## Goal of the exercise
Transcribe these records exactly, dropping every picture.

## Data
▽
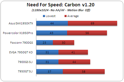 NFS Carbon is a no-go for Nvidia based cards. It would seem either the nVidia drivers need a good tune up. Both ATI based cards offered superb performance and the Asus EAX1950XTX leads the race with 69FPS.
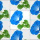 Blue morning glory flowers in repeat pattern, background colour customisable
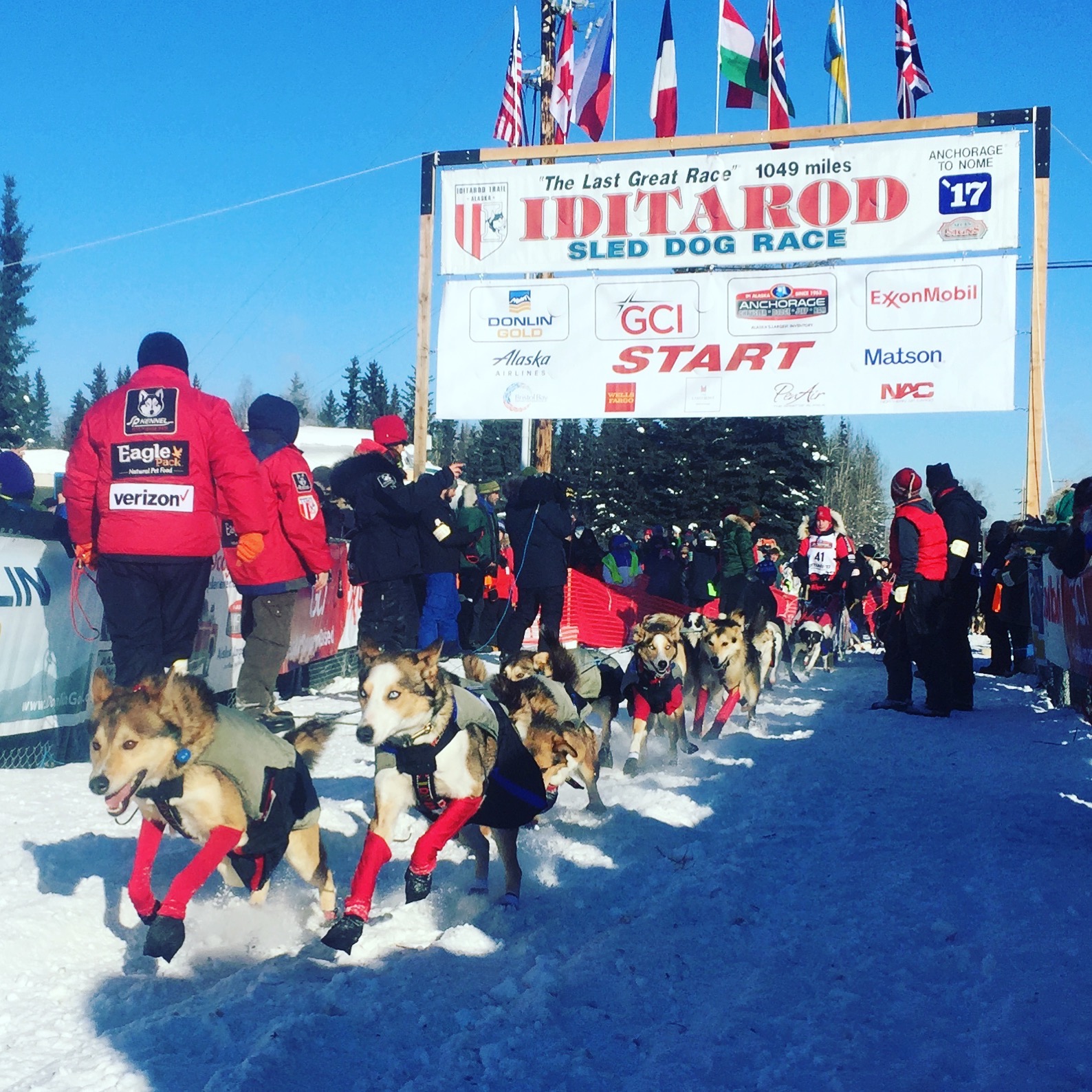 Congratulations and thanks to all the friends, family and handlers who got my two favorite mushers off to a great start on the race and for keeping all of us far away so well updated. May the teams have safe and wonderful trips this year and best wishes to both my human and canine heros from a devoted fan in Colorado. Go red and black!!
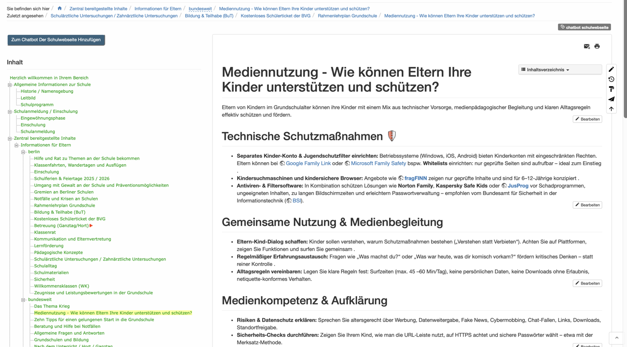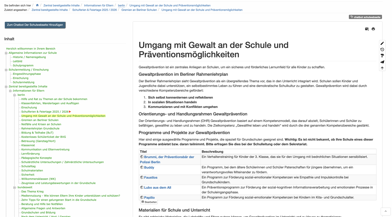 Die für Eltern relevanten Informationen können markiert und über einen Chatbot auf der Schulwebseite verfügbar gemacht werden. Hierfür stellen wir eine Vielzahl an allgemeinen Informationen zur Verfügung.
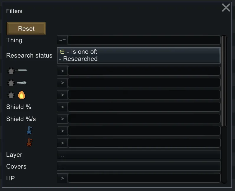 [i]A maintained fork of Stats for RimWorld 1.5 and 1.6, with inventory-aware filters, saved presets, bionics support, distance-based ranged DPS, and better handling for stuffable item variants.[/i]
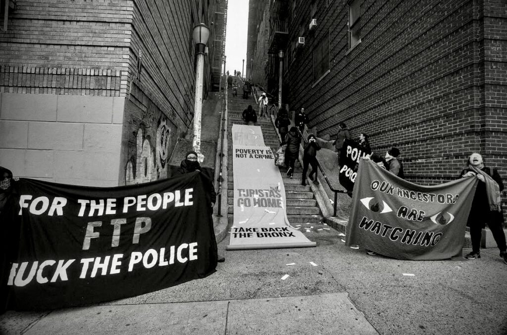 Por otro lado, la memoria de los movimientos mismos es muy fragmentaria. Lo que pasó hace cuatro años ya no se recuerda hoy, quién o cómo se hicieron las cosas en la lucha no se recuerda hoy. No hay un lugar en donde depositar todo lo que hemos hecho y a donde se puede acudir para conocer y saber cómo hicieron, qué hicieron. Por ejemplo, aquí en el Bronx en 2018, tuvimos una lucha contra los inversores que querían construir, lo que iba a generar una rezonificación del barrio y un cambio en el precio de los alquileres. Nosotros luchamos contra este proceso para parar ese cambio que quería abrir una área entera en el sur del Bronx para inversores, y logramos ganar esa lucha. Al mismo tiempo estábamos con la lucha FTP (for the people, fuck the police, fight the power, fuck the prisions, free the people) y también perdimos el centro comunitario que teníamos. Pasaron muchas cosas en ese año.
△
## Solution to this problem
 NFS Carbon is a no-go for Nvidia based cards. It would seem either the nVidia drivers need a good tune up. Both ATI based cards offered superb performance and the Asus EAX1950XTX leads the race with 69FPS.
 Blue morning glory flowers in repeat pattern, background colour customisable
 Congratulations and thanks to all the friends, family and handlers who got my two favorite mushers off to a great start on the race and for keeping all of us far away so well updated. May the teams have safe and wonderful trips this year and best wishes to both my human and canine heros from a devoted fan in Colorado. Go red and black!!
 Die für Eltern relevanten Informationen können markiert und über einen Chatbot auf der Schulwebseite verfügbar gemacht werden. Hierfür stellen wir eine Vielzahl an allgemeinen Informationen zur Verfügung.
 [i]A maintained fork of Stats for RimWorld 1.5 and 1.6, with inventory-aware filters, saved presets, bionics support, distance-based ranged DPS, and better handling for stuffable item variants.[/i]
 Por otro lado, la memoria de los movimientos mismos es muy fragmentaria. Lo que pasó hace cuatro años ya no se recuerda hoy, quién o cómo se hicieron las cosas en la lucha no se recuerda hoy. No hay un lugar en donde depositar todo lo que hemos hecho y a donde se puede acudir para conocer y saber cómo hicieron, qué hicieron. Por ejemplo, aquí en el Bronx en 2018, tuvimos una lucha contra los inversores que querían construir, lo que iba a generar una rezonificación del barrio y un cambio en el precio de los alquileres. Nosotros luchamos contra este proceso para parar ese cambio que quería abrir una área entera en el sur del Bronx para inversores, y logramos ganar esa lucha. Al mismo tiempo estábamos con la lucha FTP (for the people, fuck the police, fight the power, fuck the prisions, free the people) y también perdimos el centro comunitario que teníamos. Pasaron muchas cosas en ese año.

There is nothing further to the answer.